:: AVAILABLE DATA ::

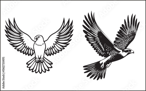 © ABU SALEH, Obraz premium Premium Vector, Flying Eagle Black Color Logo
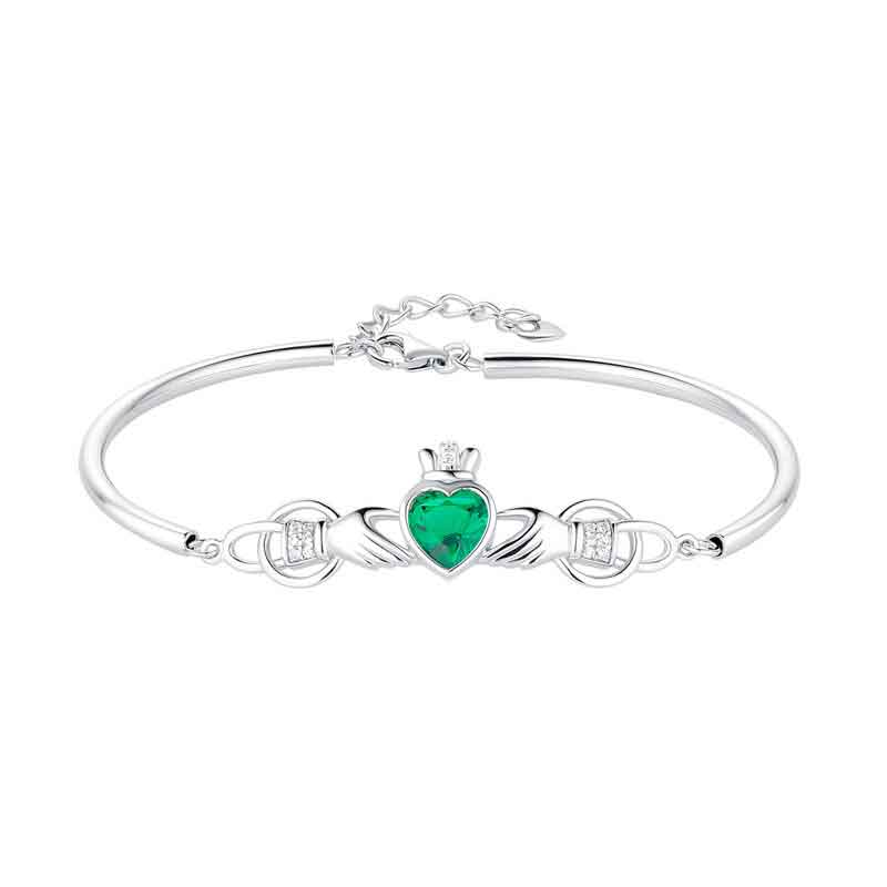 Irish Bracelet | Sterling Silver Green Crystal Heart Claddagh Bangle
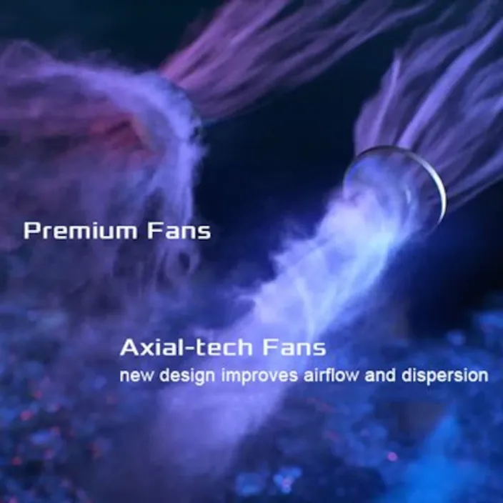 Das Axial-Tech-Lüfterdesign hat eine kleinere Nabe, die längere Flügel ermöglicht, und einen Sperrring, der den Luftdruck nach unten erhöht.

:::
:: AVAILABLE DATA ::

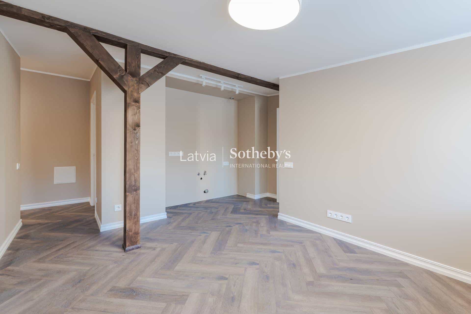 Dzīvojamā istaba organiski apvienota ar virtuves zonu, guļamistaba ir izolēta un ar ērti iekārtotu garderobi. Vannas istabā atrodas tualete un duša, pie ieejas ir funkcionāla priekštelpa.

:::

After locating the line containing "Black Color Logo" in the entries above, return it and every line after it exactly, ending at the line containing "Das Axial-Tech-Lüfterdesign hat", without pictures.

 © ABU SALEH, Obraz premium Premium Vector, Flying Eagle Black Color Logo
 Irish Bracelet | Sterling Silver Green Crystal Heart Claddagh Bangle
 Das Axial-Tech-Lüfterdesign hat eine kleinere Nabe, die längere Flügel ermöglicht, und einen Sperrring, der den Luftdruck nach unten erhöht.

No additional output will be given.